(Task to complete): Needed from the data below: every line from the one with "Tipar cu negru" up to and including the one with "受高空槽影响,预计10月30", repeated exactly and with nothing else.

(The data):

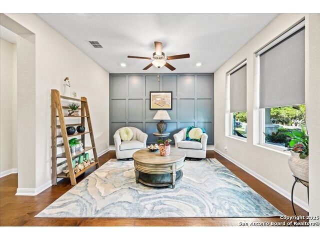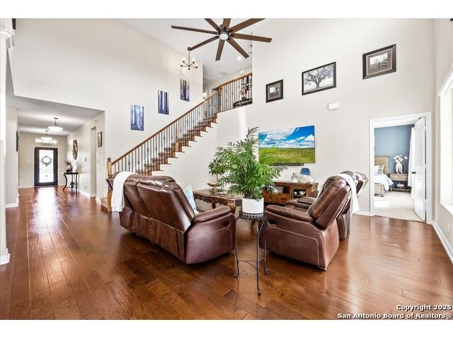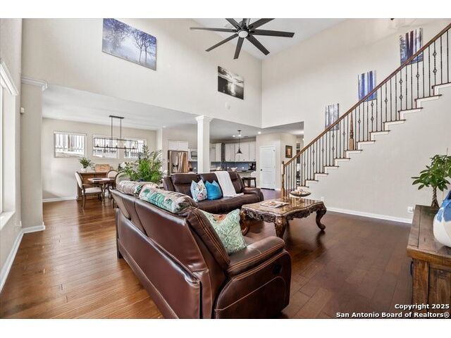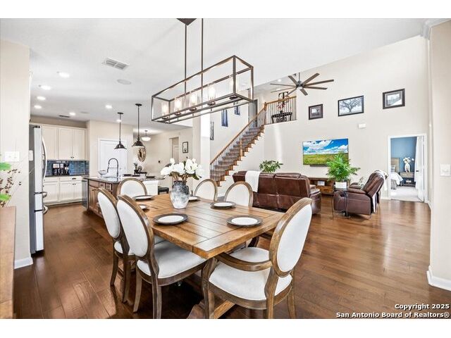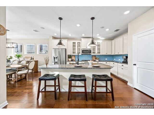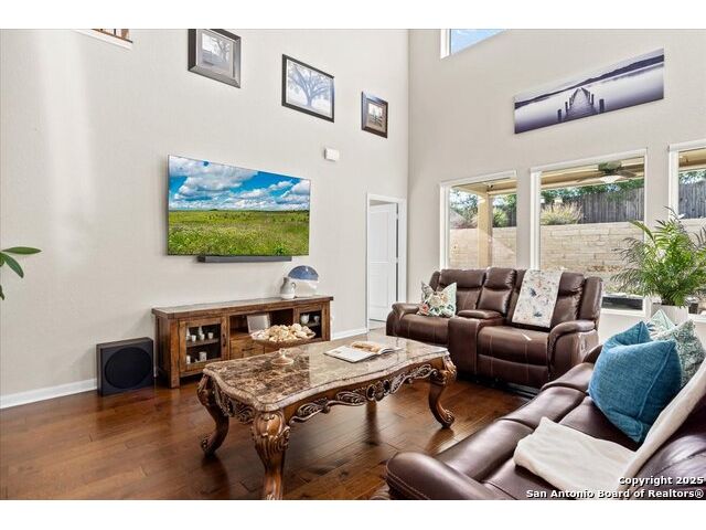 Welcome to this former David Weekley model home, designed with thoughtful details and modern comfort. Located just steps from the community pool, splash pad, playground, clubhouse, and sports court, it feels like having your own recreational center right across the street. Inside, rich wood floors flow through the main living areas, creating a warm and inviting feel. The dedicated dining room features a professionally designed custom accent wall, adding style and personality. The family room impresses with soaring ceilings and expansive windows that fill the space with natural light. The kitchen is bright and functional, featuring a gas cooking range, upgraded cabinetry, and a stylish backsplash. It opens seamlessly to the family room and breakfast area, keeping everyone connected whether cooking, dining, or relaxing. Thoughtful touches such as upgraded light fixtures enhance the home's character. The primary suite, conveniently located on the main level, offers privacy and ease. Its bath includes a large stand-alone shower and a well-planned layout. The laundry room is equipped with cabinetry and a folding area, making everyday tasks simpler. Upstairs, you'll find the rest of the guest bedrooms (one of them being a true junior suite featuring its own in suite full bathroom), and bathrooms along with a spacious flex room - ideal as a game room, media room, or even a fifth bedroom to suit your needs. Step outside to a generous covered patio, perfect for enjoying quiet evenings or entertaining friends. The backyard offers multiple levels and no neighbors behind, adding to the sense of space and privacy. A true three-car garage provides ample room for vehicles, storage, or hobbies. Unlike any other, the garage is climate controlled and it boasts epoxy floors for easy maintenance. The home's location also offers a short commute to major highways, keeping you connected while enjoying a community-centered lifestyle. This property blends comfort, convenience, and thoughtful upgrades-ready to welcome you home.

---

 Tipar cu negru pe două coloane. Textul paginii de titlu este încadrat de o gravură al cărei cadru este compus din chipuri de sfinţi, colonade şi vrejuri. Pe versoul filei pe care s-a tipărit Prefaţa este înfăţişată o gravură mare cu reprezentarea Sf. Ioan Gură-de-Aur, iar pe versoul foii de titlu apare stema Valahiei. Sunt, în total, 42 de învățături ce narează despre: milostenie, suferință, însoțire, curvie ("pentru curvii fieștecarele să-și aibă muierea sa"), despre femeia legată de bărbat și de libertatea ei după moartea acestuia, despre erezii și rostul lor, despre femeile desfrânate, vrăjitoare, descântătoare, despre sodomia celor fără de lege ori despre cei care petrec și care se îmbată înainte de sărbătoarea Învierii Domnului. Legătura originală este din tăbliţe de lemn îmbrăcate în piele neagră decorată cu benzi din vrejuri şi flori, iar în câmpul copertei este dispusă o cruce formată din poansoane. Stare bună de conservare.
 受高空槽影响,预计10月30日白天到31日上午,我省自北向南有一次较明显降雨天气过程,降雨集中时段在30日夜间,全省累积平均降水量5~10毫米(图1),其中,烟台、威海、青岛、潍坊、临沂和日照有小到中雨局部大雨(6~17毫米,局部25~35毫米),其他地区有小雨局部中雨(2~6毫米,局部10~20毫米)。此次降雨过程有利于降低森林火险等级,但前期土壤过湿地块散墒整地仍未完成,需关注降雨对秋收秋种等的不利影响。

(Answer for the task):
 Tipar cu negru pe două coloane. Textul paginii de titlu este încadrat de o gravură al cărei cadru este compus din chipuri de sfinţi, colonade şi vrejuri. Pe versoul filei pe care s-a tipărit Prefaţa este înfăţişată o gravură mare cu reprezentarea Sf. Ioan Gură-de-Aur, iar pe versoul foii de titlu apare stema Valahiei. Sunt, în total, 42 de învățături ce narează despre: milostenie, suferință, însoțire, curvie ("pentru curvii fieștecarele să-și aibă muierea sa"), despre femeia legată de bărbat și de libertatea ei după moartea acestuia, despre erezii și rostul lor, despre femeile desfrânate, vrăjitoare, descântătoare, despre sodomia celor fără de lege ori despre cei care petrec și care se îmbată înainte de sărbătoarea Învierii Domnului. Legătura originală este din tăbliţe de lemn îmbrăcate în piele neagră decorată cu benzi din vrejuri şi flori, iar în câmpul copertei este dispusă o cruce formată din poansoane. Stare bună de conservare.
 受高空槽影响,预计10月30日白天到31日上午,我省自北向南有一次较明显降雨天气过程,降雨集中时段在30日夜间,全省累积平均降水量5~10毫米(图1),其中,烟台、威海、青岛、潍坊、临沂和日照有小到中雨局部大雨(6~17毫米,局部25~35毫米),其他地区有小雨局部中雨(2~6毫米,局部10~20毫米)。此次降雨过程有利于降低森林火险等级,但前期土壤过湿地块散墒整地仍未完成,需关注降雨对秋收秋种等的不利影响。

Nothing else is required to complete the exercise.